Your assignment — Print, exactly as they appear in the listing below, the lines from the line with "His younger brother" to the line with "Poultry raising,ducks in", with both end lines kept.

** Records shown follows **

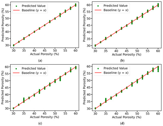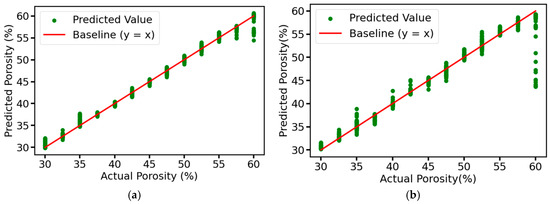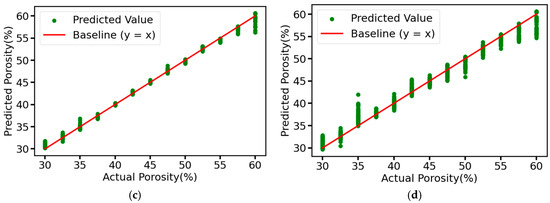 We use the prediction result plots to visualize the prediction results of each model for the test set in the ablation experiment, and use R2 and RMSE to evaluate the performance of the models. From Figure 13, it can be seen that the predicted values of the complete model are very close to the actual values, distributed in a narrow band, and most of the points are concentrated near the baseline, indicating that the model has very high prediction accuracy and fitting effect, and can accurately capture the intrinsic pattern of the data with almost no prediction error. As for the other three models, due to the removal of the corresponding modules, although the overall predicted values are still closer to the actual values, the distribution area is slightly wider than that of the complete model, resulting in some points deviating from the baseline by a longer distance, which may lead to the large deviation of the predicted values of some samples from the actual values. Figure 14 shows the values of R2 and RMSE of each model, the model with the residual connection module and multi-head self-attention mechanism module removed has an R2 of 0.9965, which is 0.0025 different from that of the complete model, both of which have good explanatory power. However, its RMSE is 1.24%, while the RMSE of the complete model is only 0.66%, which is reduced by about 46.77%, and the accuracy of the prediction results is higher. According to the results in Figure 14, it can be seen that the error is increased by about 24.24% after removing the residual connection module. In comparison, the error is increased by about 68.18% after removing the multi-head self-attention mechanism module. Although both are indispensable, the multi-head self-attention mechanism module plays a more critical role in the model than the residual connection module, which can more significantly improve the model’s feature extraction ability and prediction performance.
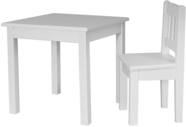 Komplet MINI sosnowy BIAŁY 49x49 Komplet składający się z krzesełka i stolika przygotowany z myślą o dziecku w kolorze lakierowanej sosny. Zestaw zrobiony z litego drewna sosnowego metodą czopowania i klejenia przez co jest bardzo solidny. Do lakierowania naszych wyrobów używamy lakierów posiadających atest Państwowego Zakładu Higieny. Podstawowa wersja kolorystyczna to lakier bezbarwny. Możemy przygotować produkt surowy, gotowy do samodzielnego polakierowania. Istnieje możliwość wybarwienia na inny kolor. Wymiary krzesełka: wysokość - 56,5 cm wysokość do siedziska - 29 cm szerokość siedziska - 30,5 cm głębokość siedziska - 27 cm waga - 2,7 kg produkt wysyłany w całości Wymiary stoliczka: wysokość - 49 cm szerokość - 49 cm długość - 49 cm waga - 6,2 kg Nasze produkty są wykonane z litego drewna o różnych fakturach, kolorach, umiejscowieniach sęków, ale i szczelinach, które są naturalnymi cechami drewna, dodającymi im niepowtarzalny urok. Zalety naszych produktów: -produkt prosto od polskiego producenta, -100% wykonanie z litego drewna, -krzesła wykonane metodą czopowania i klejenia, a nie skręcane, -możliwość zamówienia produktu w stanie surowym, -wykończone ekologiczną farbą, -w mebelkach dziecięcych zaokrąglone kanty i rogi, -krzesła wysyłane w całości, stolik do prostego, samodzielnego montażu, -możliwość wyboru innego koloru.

** End of Records shown **
** Records shown follows **

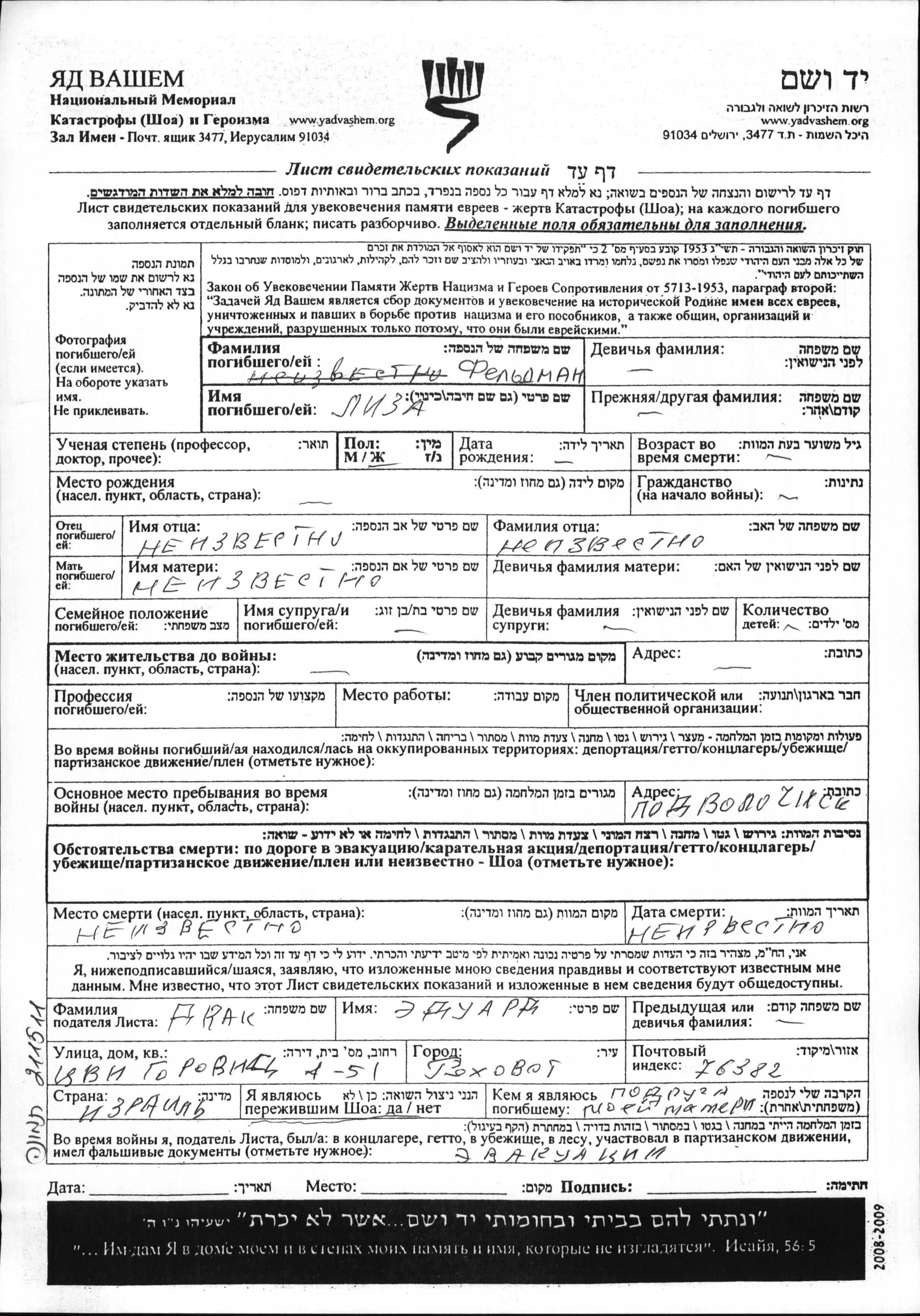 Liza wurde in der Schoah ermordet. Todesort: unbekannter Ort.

** End of Records shown **
** Records shown follows **

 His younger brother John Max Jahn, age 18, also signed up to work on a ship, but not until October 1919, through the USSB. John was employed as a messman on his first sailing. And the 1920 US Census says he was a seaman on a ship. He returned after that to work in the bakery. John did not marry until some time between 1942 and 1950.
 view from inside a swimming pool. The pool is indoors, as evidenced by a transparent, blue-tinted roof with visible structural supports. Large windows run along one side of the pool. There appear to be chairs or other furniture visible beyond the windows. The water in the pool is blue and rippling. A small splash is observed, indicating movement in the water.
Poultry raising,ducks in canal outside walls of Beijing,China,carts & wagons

** End of Records shown **

Task output —
 His younger brother John Max Jahn, age 18, also signed up to work on a ship, but not until October 1919, through the USSB. John was employed as a messman on his first sailing. And the 1920 US Census says he was a seaman on a ship. He returned after that to work in the bakery. John did not marry until some time between 1942 and 1950.
 view from inside a swimming pool. The pool is indoors, as evidenced by a transparent, blue-tinted roof with visible structural supports. Large windows run along one side of the pool. There appear to be chairs or other furniture visible beyond the windows. The water in the pool is blue and rippling. A small splash is observed, indicating movement in the water.
Poultry raising,ducks in canal outside walls of Beijing,China,carts & wagons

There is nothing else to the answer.